Trump y la reforma laboral que se viene
El futuro gobierno de Trump estaría preparando un ataque de grandes proporciones contra los trabajadores federales estatales.
El plan en carpeta apuntaría contra la seguridad en el empleo y las pensiones, y los propios puestos de trabajo (sólo quedarían excluidos las Fuerzas Armadas y el sistema de salud).
Este plan está precedido por una escalada que se operó durante el mandato de Obama. En 2012, los republicanos de la Cámara de Representantes propusieron una reducción de la plantilla federal del 10 por ciento como parte de su presupuesto fiscal para ese año.
El Washington Post dice que la administración entrante pondría en marcha “el congelamiento de los contratos y el fin de los aumentos automáticos” (World Socialist Web Site, 25/11).
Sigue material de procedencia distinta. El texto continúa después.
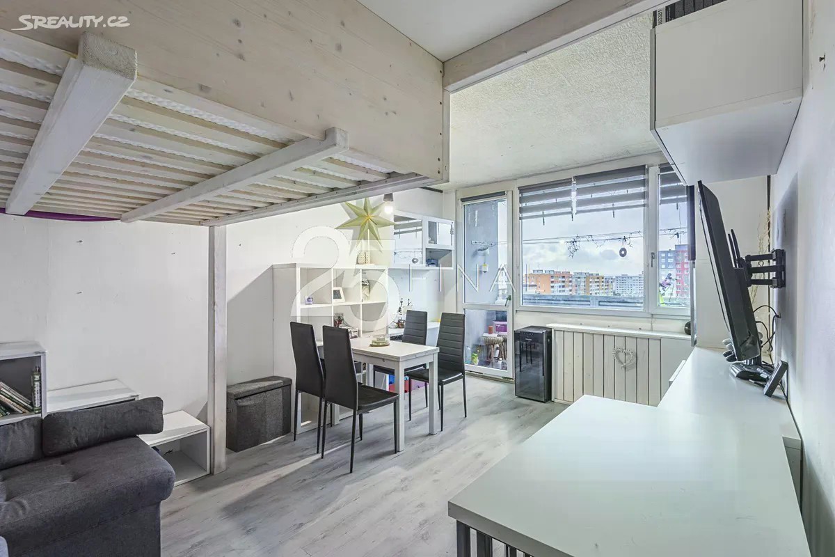 Nabízíme ke koupi moderní byt 2+1 o výměře 60,66 m2 s lodžií (3,62m²) v žádané lokalitě Na Radouči, okres Mladá Boleslav. Byt se nachází v 7.patře, v klidné části obce. S velmi dobrým stavem objektu s výtahem. Dispozice bytu je následující: předsíň, šatna, prostorný obývací pokoj se vstupem na lodžii. V obývacím pokoji je manželská postel do patra, která byla vyhotovena na zakázku truhlářem, s ohledem na komfort. Udržovaný kuchyňský kout se spotřebiči, dětský pokoj s kvalitním nábytkem, taktéž zhotoven na míru truhlářem. V bytě je využit každý kousek prostoru, což zajišťuje maximální a praktické úložné řešení. Po celém bytě je položena plovoucí podlaha, v koupelně a wc keramická dlažba. K bytu náleží sklep o výměře 1,84m². Lokalita Radouč je jednou z nejžádanějších v Mladé Boleslavi. V blízkosti se nachází příroda, park, cyklostezky. Je zde kompletní občanská vybavenost včetně školy, školky, nákupního centra, restaurací, pošty, obecního úřadu, lékaře, kulturního zařízení a koupaliště. Dále je zajištěna výborná dopravní dostupnost prostřednictvím MHD, příměstské dopravy, silnic prvních a druhých tříd, a vlakového spojení. Parkování je veřejné hned před domem. Byt je vhodný také jako investiční příležitost. Z důvodu nepředložení energetické náročnosti, před vložením do inzerce, je proto nemovitost zařazena do třídy kategorie G. Naši specialisté Vám rádi pomohou se zajištěním financování. Pro bližší informace nás neváhejte kontaktovat. Budu se těšit na osobní prohlídce!

Se pasaría a una suerte de “salario por mérito,” que subordinaría el monto de la remuneración al “rendimiento”.
Esto iría acompañado por un recorte de las pensiones.
Una de las fuentes inspiradoras de esta reforma es el plan implementado por el gobernador republicano de Wisconsin, que en 2011 provocó protestas masivas en la capital del Estado en respuesta a una poda de derechos de los empleados públicos.
La nueva administración también seguirá el ejemplo del vicepresidente electo, Mike Pence, quien como gobernador de Indiana estableció el pago a los trabajadores del Estado según sus índices de rendimiento.
La administración pública federal ha sido un blanco implacable de la derecha política durante décadas. Los trabajadores federales han sido presentados como un sector “privilegiado” y esa propaganda es utilizada para dividir a la clase obrera y desviar la ira por la disminución de los niveles de vida y la creciente desigualdad en contra de un sector de la clase obrera misma.
Trump recoge esta orientación y pretende reproducirla en gran escala. El comienzo del ataque contra los trabajadores federales estuvo dado en el "Contrato con el votante americano", publicado por Donald Trump a finales de octubre. Trump se comprometió a congelar la contratación de los empleados federales para reducir la fuerza laboral federal”.
Contrariamente al mito del exceso de personal, la función pública de Estados Unidos ha sido objeto de numerosos recortes bajo las dos últimos presidencias republicanas y los periodos del demócrata Obama. Como resultado de ello, el número de empleados federales hoy es semejante al de la década de 1960, a pesar de la casi duplicación de la población desde entonces.
Obama sancionó la “ley de veteranos”, que facilita los despidos de trabajadores federales. De un modo general, la gestión del gobierno saliente se acopló a esa política. Ni hablar de los sindicatos, que atados a la gestión demócrata se adaptaron a esa escalada y aceptaron el cercenamiento sucesivo de conquistas.
Perspectivas
Es necesario seguir con atención este proceso, pues las modificaciones en ciernes en el régimen laboral de los trabajadores federales será el “modelo” que Trump intentará generalizar en todo el movimiento obrero.
El proteccionismo y la guerra comercial sobre los que Trump bate el parche, será esgrimido como un pretexto para rebajar los salarios e imponer la flexibilidad y precariedad laboral en nombre de mejorar la competitividad.
En lugar de alertar sobre los alcances de este ataque y preparar a los trabajadores para enfrentarlo, los sindicatos plantean una política de colaboración con el nuevo gobierno.
El presidente de United Auto Workers acaba de señalar que los sindicatos ven "una gran oportunidad" para "encontrar un terreno común" con Trump (ídem, 25/11).
El presidente de la ALF-CIO se manifestó en idéntico sentido. Estas declaraciones siguen el libreto de la izquierda demócrata, que pasó de proclamar la “revolución política” a comprometerse a trabajar con el nuevo gobierno.
Entramos en un período convulsivo, en el marco de un gobierno plagado de contradicciones. La implementación de este paquete laboral puede terminar convirtiéndose en un bumerán. La cuota de expectativas que Trump ha despertado entre la clase obrera -en primer lugar, la blanca- puede transformarse, más rápido de lo que se piensa, en una decepción y ser el disparador de una reacción popular generalizada. Y de la mano de ello, el puntapié de significativos virajes políticos.